To get the facility of a line of credit there are certain factors. If your business stands out and is eligible then you get the credit facility. The primary concept of a business revolving line of credit is to solve the cash crunch or liquidity issues. The factors that we talked about are as follows:
- Your business should be at least six months in age and as per the requirements of the IRS.
- Your business must have healthy revenue generation at all times.
- When looking for credit, always show the best profits and revenues that you made.
If you can fulfill these three points, then you can get the credit for your business revolving line of credit. If not, then you have to wait until you meet these three points. All of them in aggregate should be met, not anyone or two.
Credit Worthiness
Have you ever taken a personal loan for a house, car, or property? If yes, then you have heard about the term creditworthiness. What does it mean? It means how effective you were in paying back the money that you borrowed from banks or any financial institute. Mostly you are given a score that defines your creditworthiness. A business revolving line of credit must always have a good credit score in past. If so, then your chances of getting a line of credit increase a lot.

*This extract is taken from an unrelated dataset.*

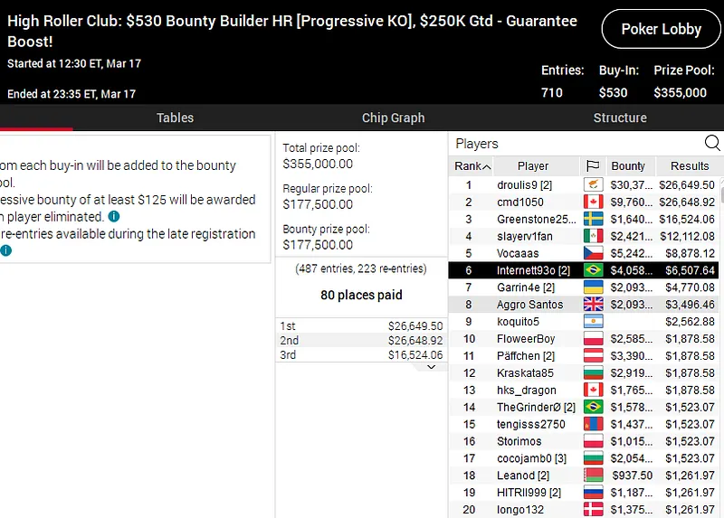 Outro brasileiro que também forrou cinco dígitos High Roller Club foi Renan "Internett93o" Bruschi. O craque foi o sexto melhor entre os 710 participantes no US$ 530 Bounty Builder HR PKO e engordou o bankroll com um prêmio de US$ 10.566.

Personal loans taken by the proprietor are not scrutinized at all while taking the line of credit for business. It is because a company is considered separate from the owner. If your business has any pending loans or previous loans, then they will also be scrutinized to check your creditworthiness. Before taking the line of credit you need to make sure that your business makes sufficient profits to match the criteria. Once you are given the line of credit, even if you make a loss then you can cover it with the funds that you just borrowed.

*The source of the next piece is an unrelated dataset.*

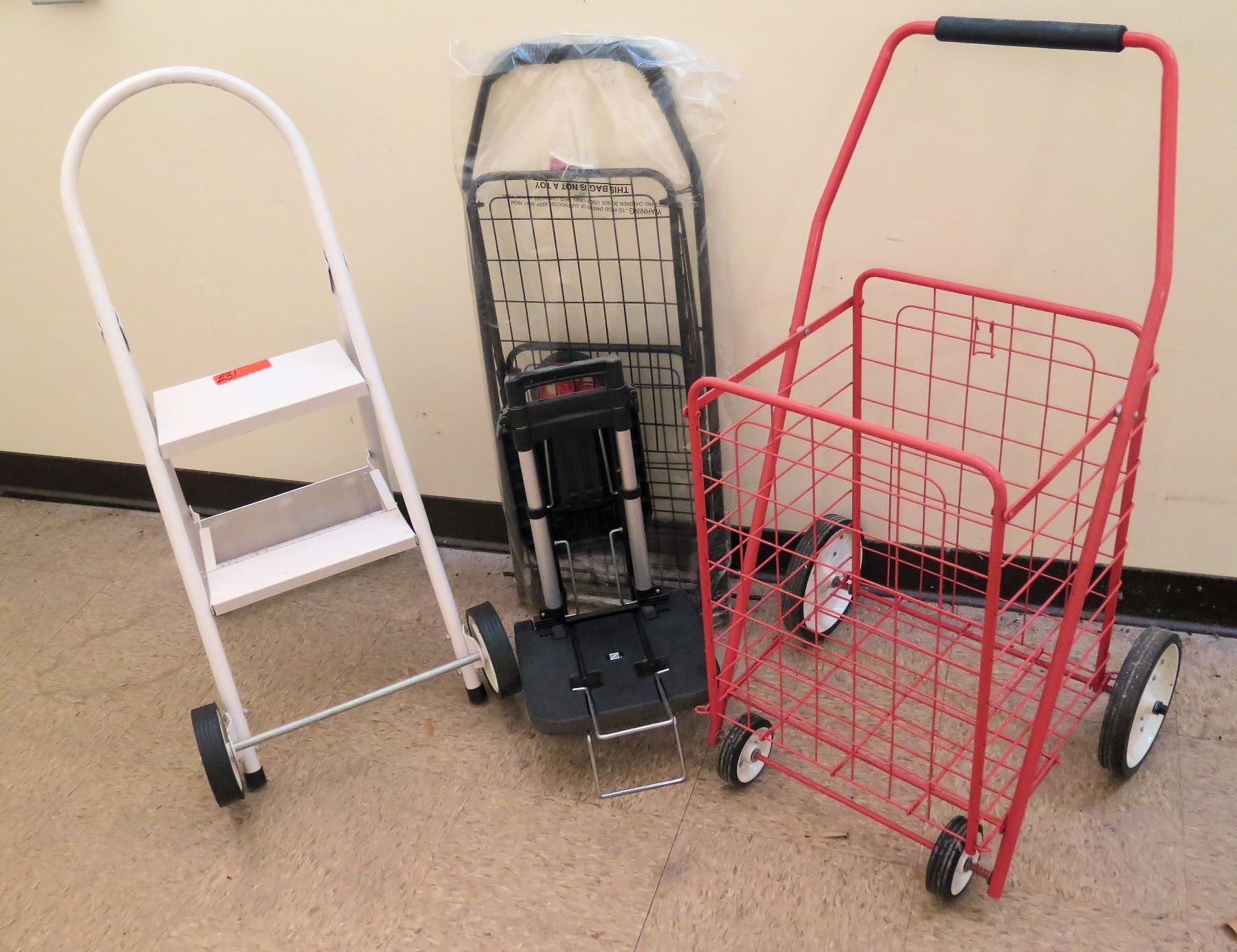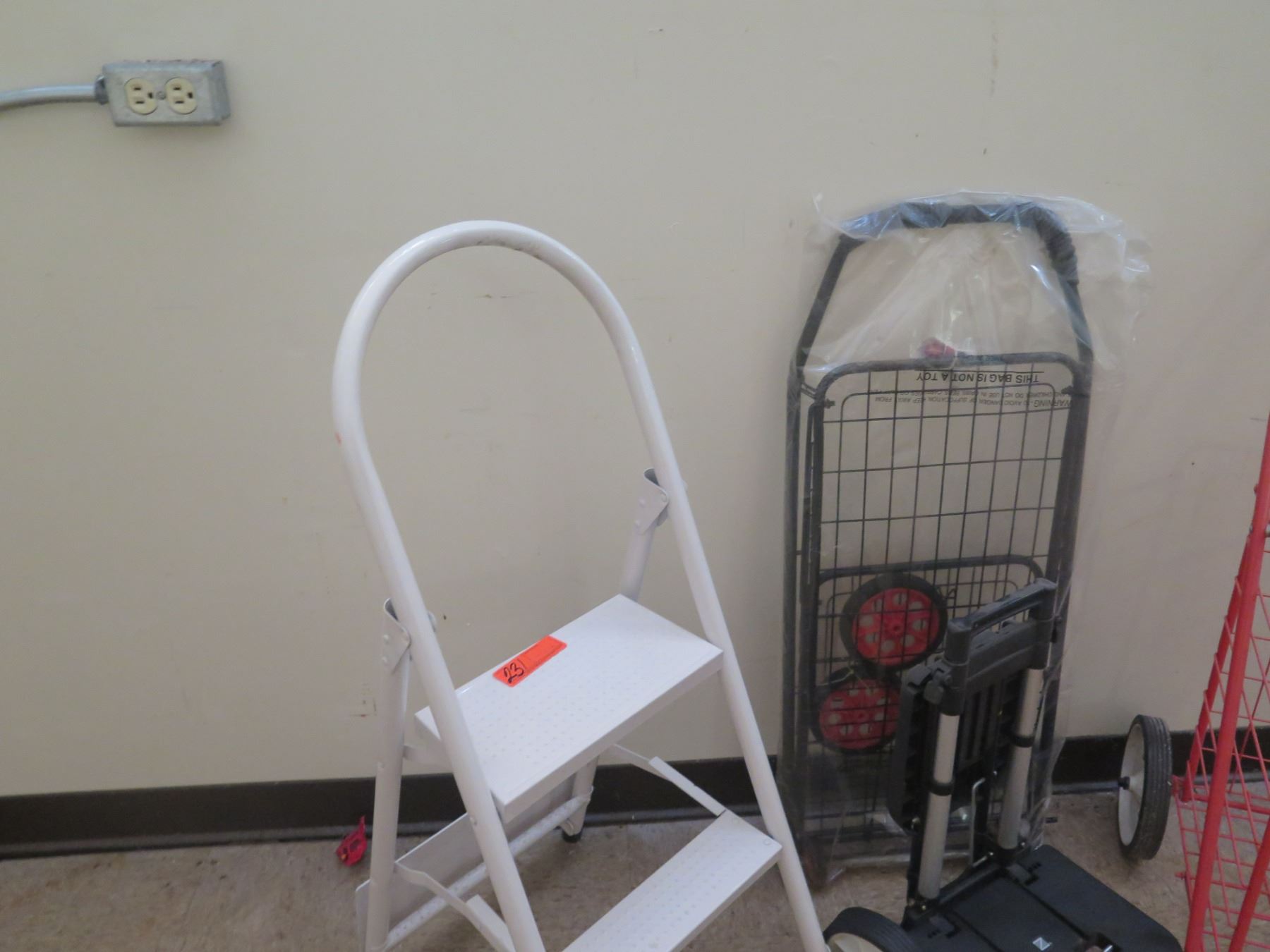 Rolling Metal 2 Stair Stepstool w/ 2 Metal Mesh Rolling Carts

The only important thing is to match the eligibility. What will happen if you have a low credit score but, your business is striving, and you are making enough profits? Will you still get credit? The answer is yes. You will get the credit for your business. It does not matter if your credit score is poor. Your business credit score must be good.
Debt Percentage
If a company is in default or has committed some legal issue in the past, then it can act as a hindrance while obtaining the line of credit. Any legal issue based on the credit will create an impact while obtaining the credit. Moreover, the ownership structure of the business is also taken into consideration while obtaining the credit. The ownership structure is how much debt the company has taken and how much equity it has currently. If the percentage of debt is more, the credit will not be given easily. If the percentage of debt is less then you will get credit easily.